Finance Secretary Frederick D. Go expressed optimism Friday, March 13, that the Wall Street lender will conclude its assessment by the end of March or early April.
“We are hopeful that we will be included by the end of March or early April,” Go told the Manila Bulletin.
While Go declined to specify the exact drivers behind his confidence, the inclusion in the JPMorgan Government Bond Index-Emerging Markets (GBI-EM) would mark a milestone in Manila's efforts to deepen its capital markets and diversify its investor base.
National Treasurer Sharon P. Almanza also confirmed to Manila Bulletin that JPMorganChase’s announcement may indeed happen between March and April. There remains no word on how this would affect the government’s peso bond allocation in global indices and overall borrowing mix.
According to the Asian Development Bank’s (ADB) Asia Bond Monitor for March 2026, the investor profile in the Philippines’ local currency (LCY) government bond market remained largely stable in 2025, with banks and investment houses remaining the largest group, increasing their share to 46.4 percent by year-end.
Holdings by brokers, custodians, and depositories rose to 12.9 percent, while foreign holdings inched up to 4.8 percent, supported by improvements in market liquidity and optimism over potential inclusion in JPMorgan’s index.
JPMorgan’s index, covering 19 markets, is the leading benchmark for emerging market LCY government bonds and is closely watched by global investors.
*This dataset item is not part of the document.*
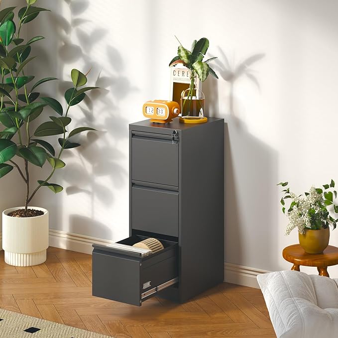 - 【SECURE LOCKING SYSTEM】This black 3 drawer filing cabinet comes with one security lock and 2 keys, securing all your files. You can lock all the drawers at the same time, ensuring confidential documents and valuables remain protected from unauthorized access.Engineered with an anti-tilting mechanism, this narrow file cabinet allows only one drawer open at a time.The interlocking system enhances stability.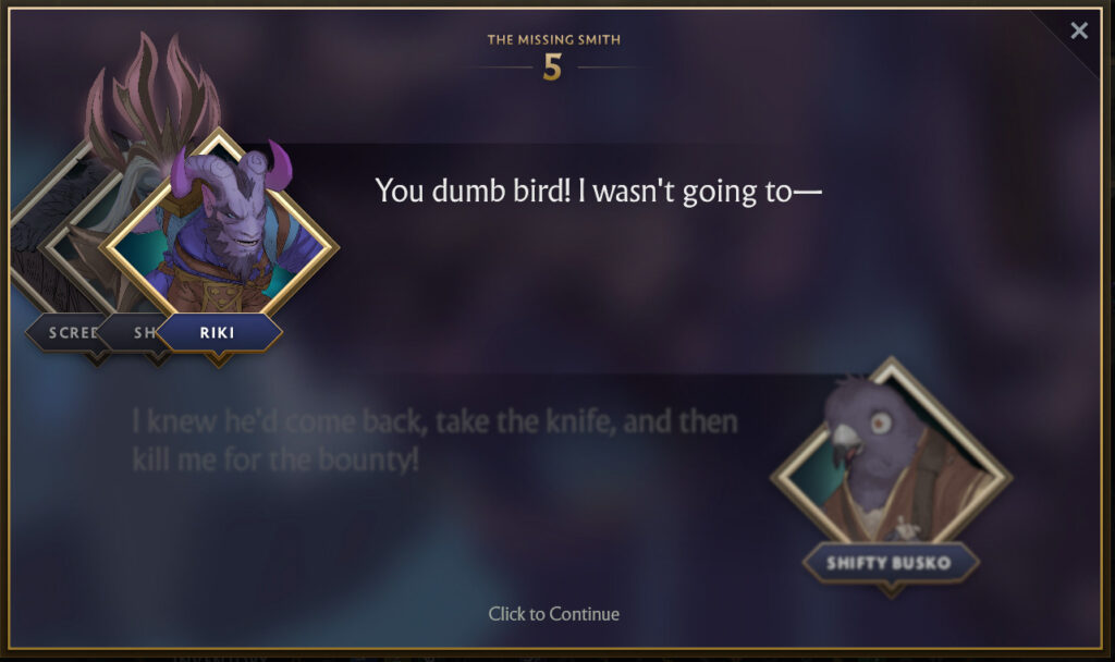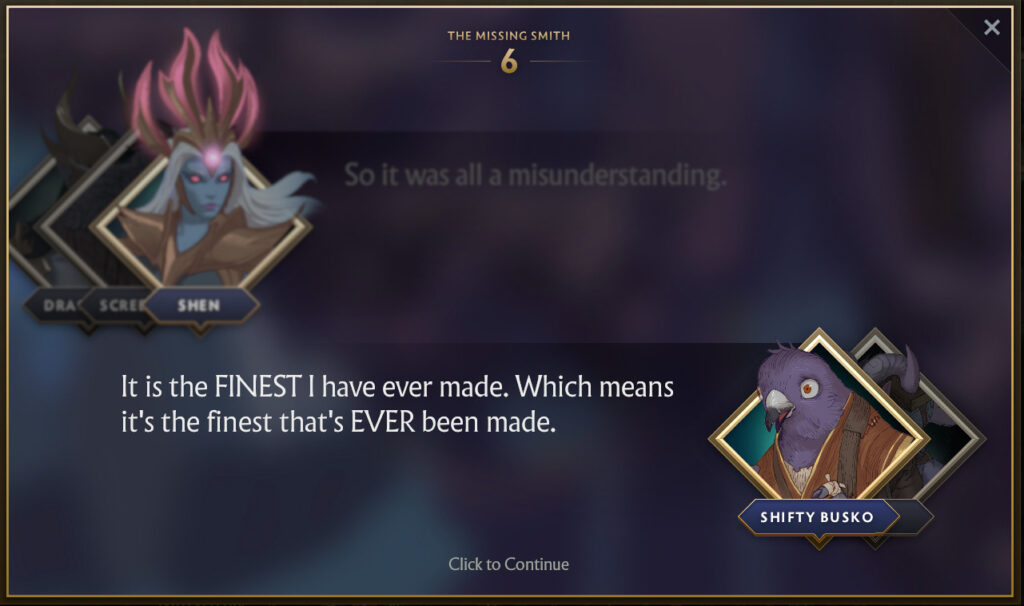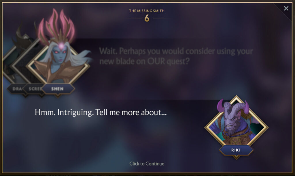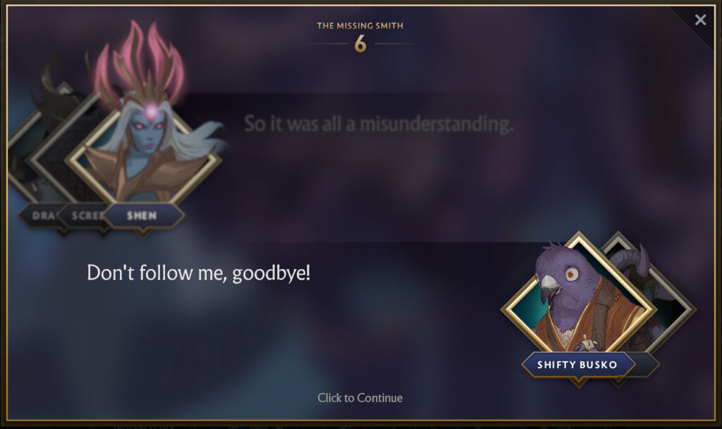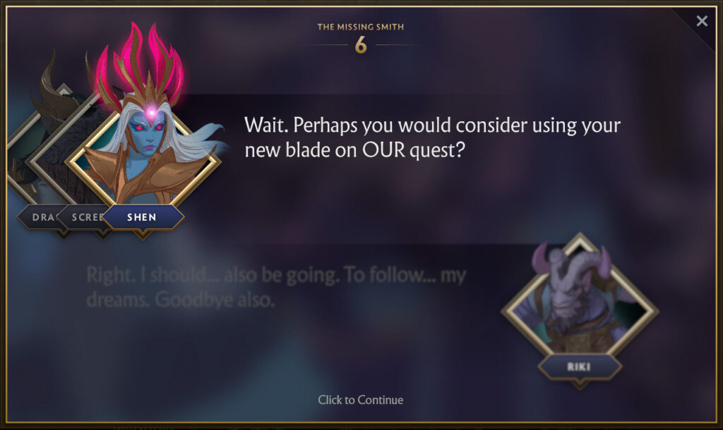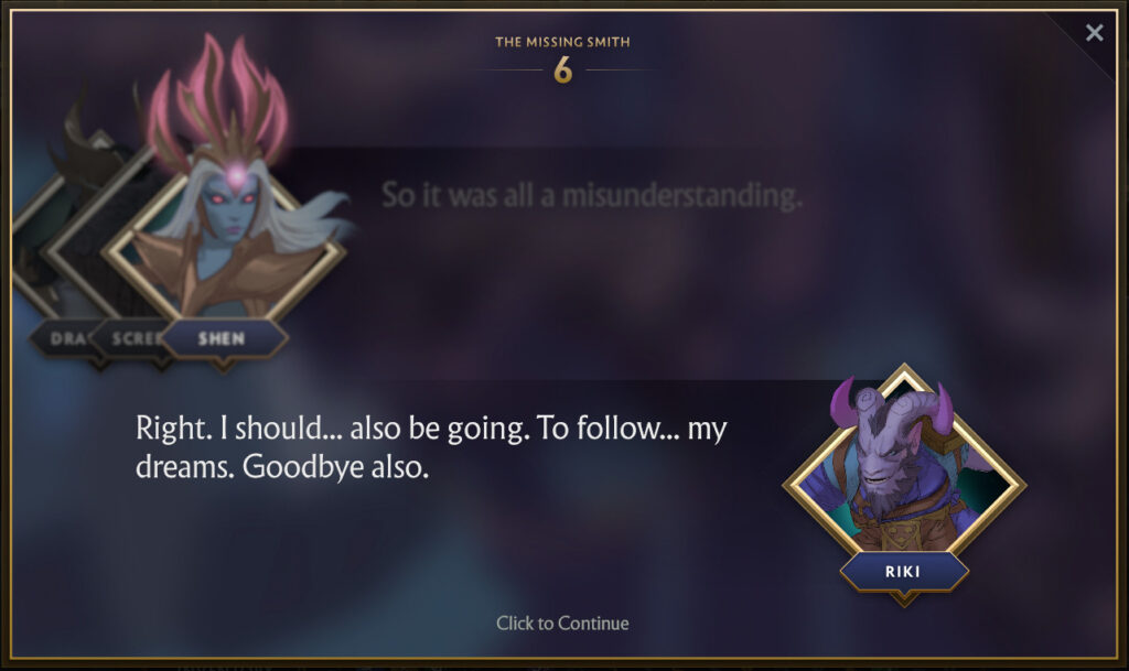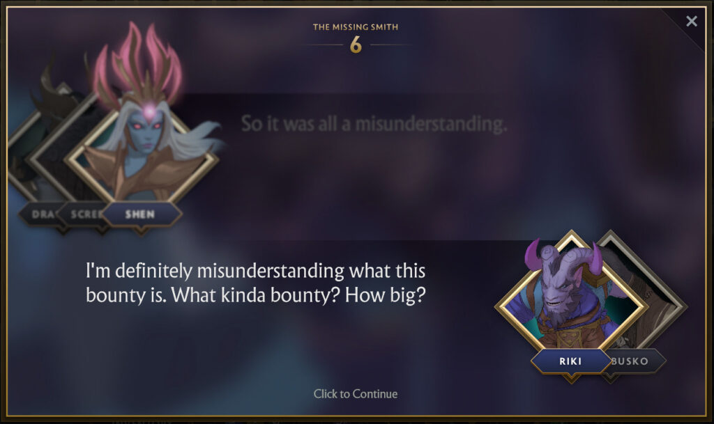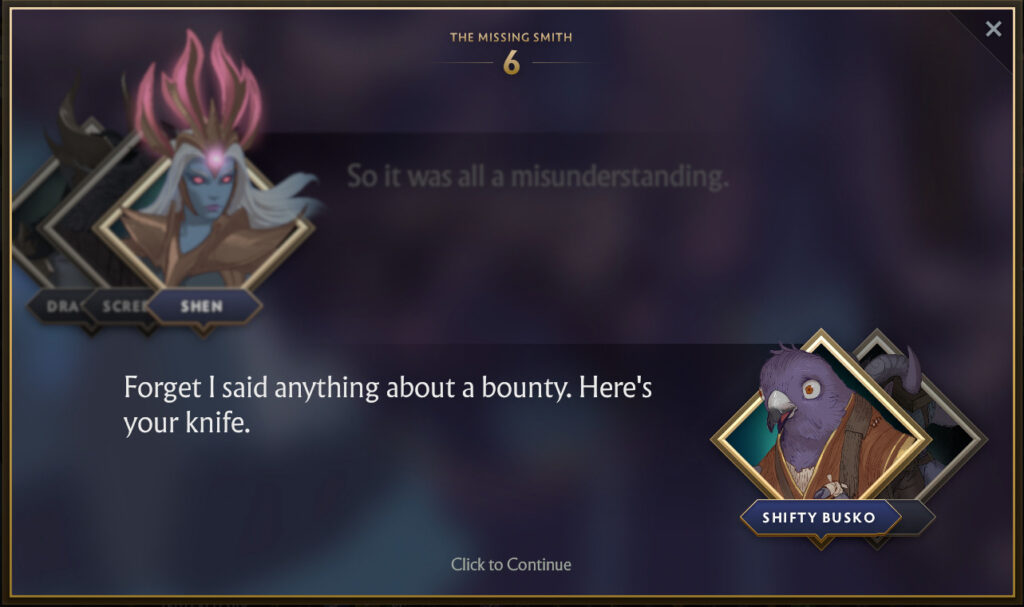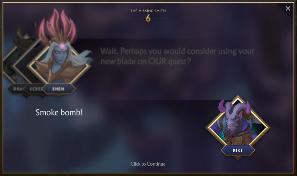 It turns out that Riki has hired the best blacksmith on this side of the Abyss, Shifty Busko to craft him a new dagger. Despite Riki paying in advance, the blacksmith has gone missing. This predicament has given the same level of frustration that support players that have to play against Riki, to Riki. And so Shen decides she wants to help Riki find the Smith, and subsequently his dagger.

If included, the Philippines would hold an estimated one-percent share of the index.
“Inclusion is expected to broaden foreign investor participation in the economy’s LCY bond market, which in turn could enhance market liquidity, reduce government borrowing costs, and unlock additional funding sources for public services and infrastructure,” the Manila-based multilateral lender earlier said.
Last month, Almanza said the government is overhauling its bond pricing conventions to match global standards in anticipation of securing a one-percent share in the influential index. Such a move is expected to trigger billions of pesos in foreign inflows.
Almanza said that the Philippines could attract more than $2 billion, or approximately ₱114 billion, in additional foreign investment with the expected one-percent weighting in the index. This is on top of the current inflows the Philippines has been receiving from foreign investors.
For 2026, the government is targeting ₱627.1 billion from foreign sources, while the larger share of ₱2.05 trillion will be sourced from domestic creditors.
Recall that the government’s total debt climbed to a fresh high of ₱18.13 trillion in January, as the Marcos administration frontloaded its borrowing program to lock in lower interest rates before global market conditions tighten.
Debt levels are also projected to exceed ₱19 trillion by the end of 2026, growing 7.3 percent from the end-2025 debt of ₱17.71 trillion.
The government plans to fund 80 percent of its borrowing domestically through treasury bills and bonds, and 20 percent externally, relying on local banks with ample liquidity while limiting foreign exchange (forex) risks.